Gilmar wird Teil der "Atletas de Cristo", der Athleten Christi, einer Gruppe evangelikaler Sportler, die Mitte der 80er-Jahre in Brasilien entstand. Nach eigenen Angaben bekennen sich heute mehr als 5000 Sportler – überwiegend Fußballer – zu der Gruppe. Darunter zahlreiche brasilianische Weltmeister, wie Kaka, Ze Roberto oder Rivaldo. In diesem Jahr wollen sie bei der WM im eigenen Land vor den Stadien stehen, Bibellesungen machen, Gebetskreise und Gottesdienste anbieten.
Bei der WM 1994 beteten die Nationalspieler erstmals zusammen
Gilmar dos Santos klappt sein Laptop auf, der neben einer Bibel mit rotem Ledereinband steht. Er zeigt ein Video von der WM 1994 in den USA. Damals, so erzählt es Gilmar, hätte der Wandel angefangen, die Spieler der Selecao – der brasilianischen Nationalmannschaft – hätten das erste Mal zusammen gebetet.

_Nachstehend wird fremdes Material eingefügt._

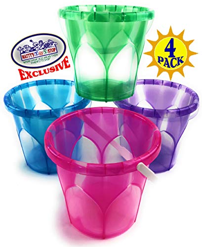 Matty’s Toy Stop Beach Gear 6.5″ Opaque Plastic Sand Buckets (Pails) Blue, Pink, Green & Purple Party Set Bundle – 4 Pack, is AWESOME! Party Bundle Includes 4 High Quality 6.5″ Opaque Beach Pails!!! Each bucket measures 6.5″ tall and has an 6.5″ diameter opening, along with a cool design and opaque plastic. Makes a great gift & is perfect for schools, party favors, beach, pools, baskets, special needs, sand box and so much more! For Ages 2 and up – Fun for the whole family! – Made of high quality plastic and is great for the beach or the sand box!
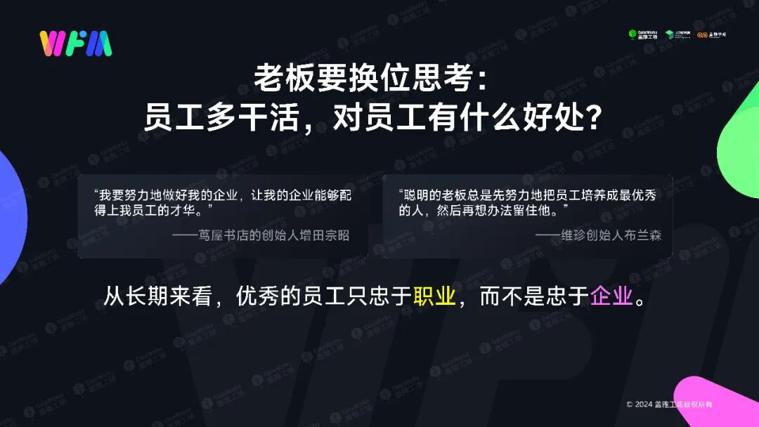 但员工永远不会忠诚于企业,也不会忠诚于个人。从长期来讲,优秀的员工只忠于他个人的职业。所以老板和企业要做的事情让他在你这家公司能发挥好他的职业。
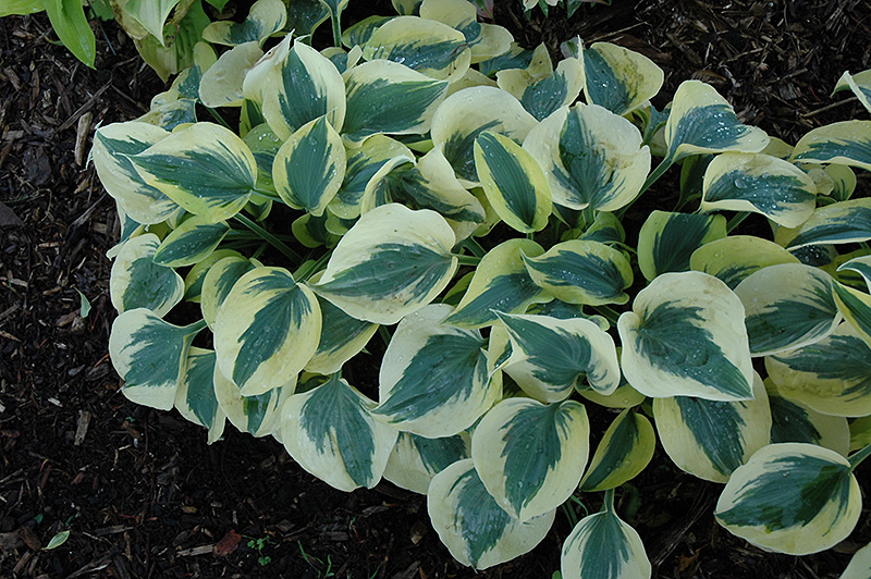 Amber Frost Hosta will grow to be about 12 inches tall at maturity extending to 18 inches tall with the flowers, with a spread of 24 inches. When grown in masses or used as a bedding plant, individual plants should be spaced approximately 20 inches apart. Its foliage tends to remain dense right to the ground, not requiring facer plants in front. It grows at a medium rate, and under ideal conditions can be expected to live for approximately 10 years. As an herbaceous perennial, this plant will usually die back to the crown each winter, and will regrow from the base each spring. Be careful not to disturb the crown in late winter when it may not be readily seen!
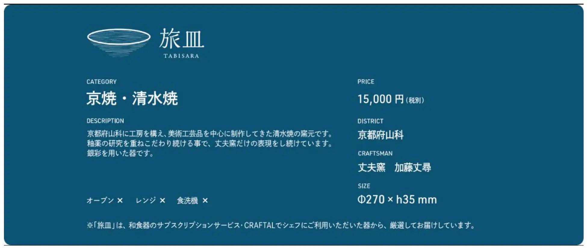 取り扱う器は、主に京焼・清水焼や九谷焼など伝統工芸のつくり手が生み出した和食器で、株式会社Culture Generation Japanが運営する飲食店向け和食器のサブスクリプションサービス「CRAFTAL」で使用した“日本全国の窯元や陶芸作家の上質な作品”です。
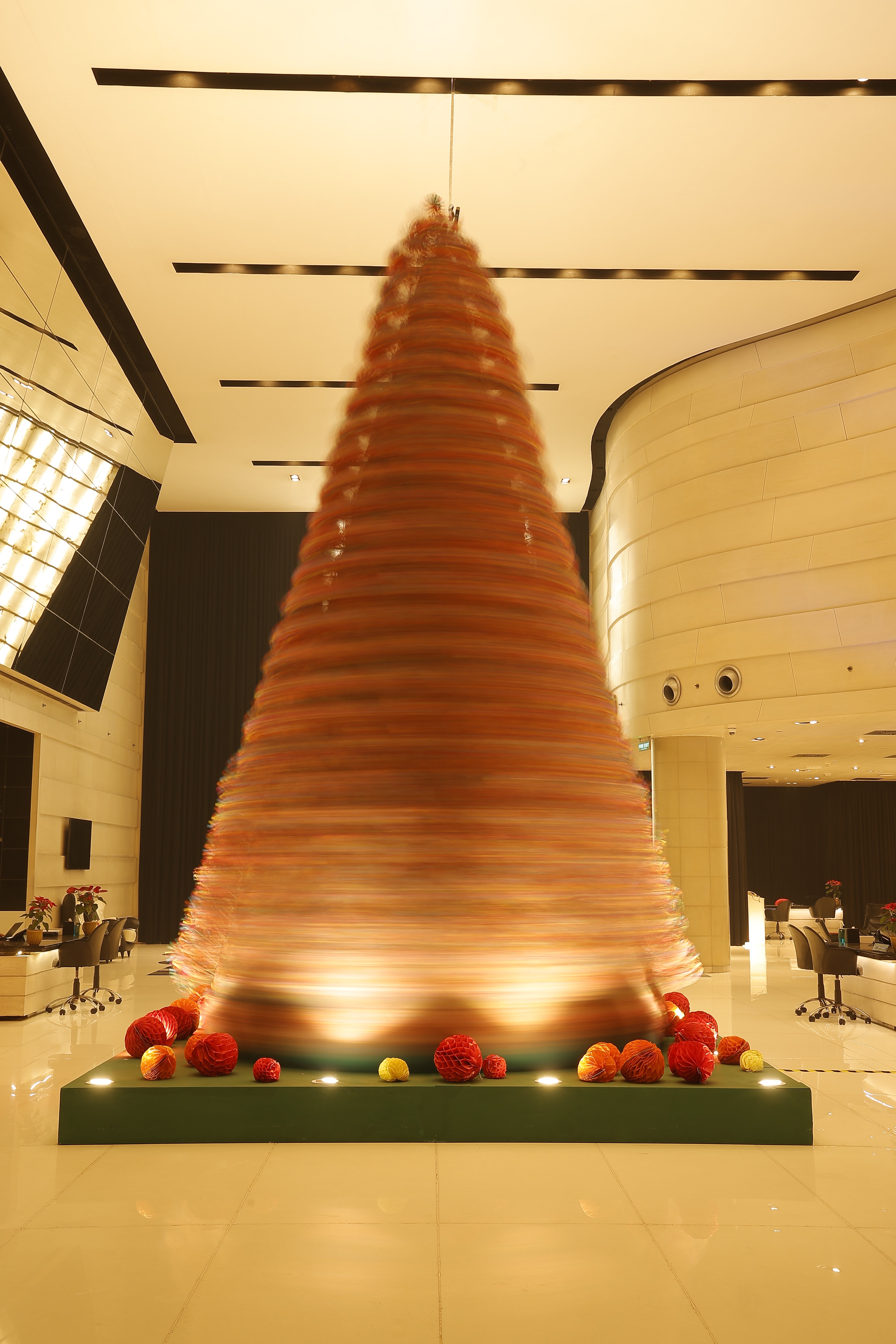 A sustainable Christmas tree crafted from 5,000 vibrant paper fans, celebrating the joy of life in all its big and small moments. Inspired by the nostalgia ofa mela and the childhood memories of festive cheerand innocence, the tree brings to life the laughter and colors of celebration. Supporting 70 Indian artisans, the installation highlights their craftsmanship and livelihoods, with a message of sustainability and cultural heritage. Conceptualized and designed by Nehmat Mongia, this installation embodies the timeless spirit of joy.
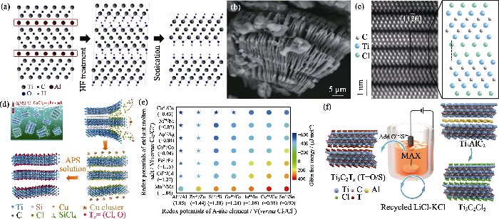 (a) Schematic illustration of preparing MXene using HF solution as etchant[28]; (b) SEM image of Ti3C2Tx prepared by HF solution, showing the typical accordion-like morpholorgy of MXene particle[28]; (c) STEM image of Ti3C2Cl2 prepared by Lewis-acidic-molten-salt route, and its corresponding atomic model[24]; (d) Schematic illustration of preparing Ti3C2Tx MXene via a reaction between Ti3SiC2 and CuCl2; (e) Redox potential/Gibbs free energy between Lewis acid cations and A-site atoms in molten salts[30]; (f) Schematic illustration of the electrochemistry etching strategy for the preparation of MXene in molten salt[72]
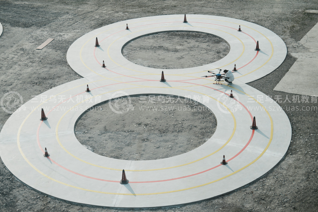 实操考试区为严格按照民航局标准建设的飞行场地。场地内最核心的设施是10个完全标准化的“水平8字”飞行考核区。

Statt Partys gab es gemeinsame Bibelkreise. Eine Entwicklung, von der auch die Vereine profitieren, sagt Ethnologin Rial.
"Beide stehen in enger Beziehung zueinander. Die Religion, besonders die Pfingstkirchen, bekommen viel Geld durch den Profisport. Durch Funktionäre oder Profi-Fußballer, die sich in den Gemeinden engagieren. Die Vereine bekommen im Gegenzug Spieler, die sich ganz auf ihren Sport konzentrieren und die ihren Körper als Geschenk Gottes ansehen, den sie nicht mit Partys, Alkohol oder Drogen zerstören. Sie achten auf ihren Körper. Das ist der Traum eines jeden Trainers."
Steuer-, Finanz- und Drogenskandale in den Freikirchen werden dabei gerne von den Vereinen übersehen. Die gläubigen Spieler sind einfach dankbar für den Halt, den sie bekommen. Und deswegen werden auch bei dieser Weltmeisterschaft die „Atletas de Cristo" wieder gemeinsam beten. Zwei Tage vor jedem Spiel. Schließlich, so schrieb es der brasilianische Seelsorger der Mannschaft, hat Gott die WM schon mal nach Brasilien geholt.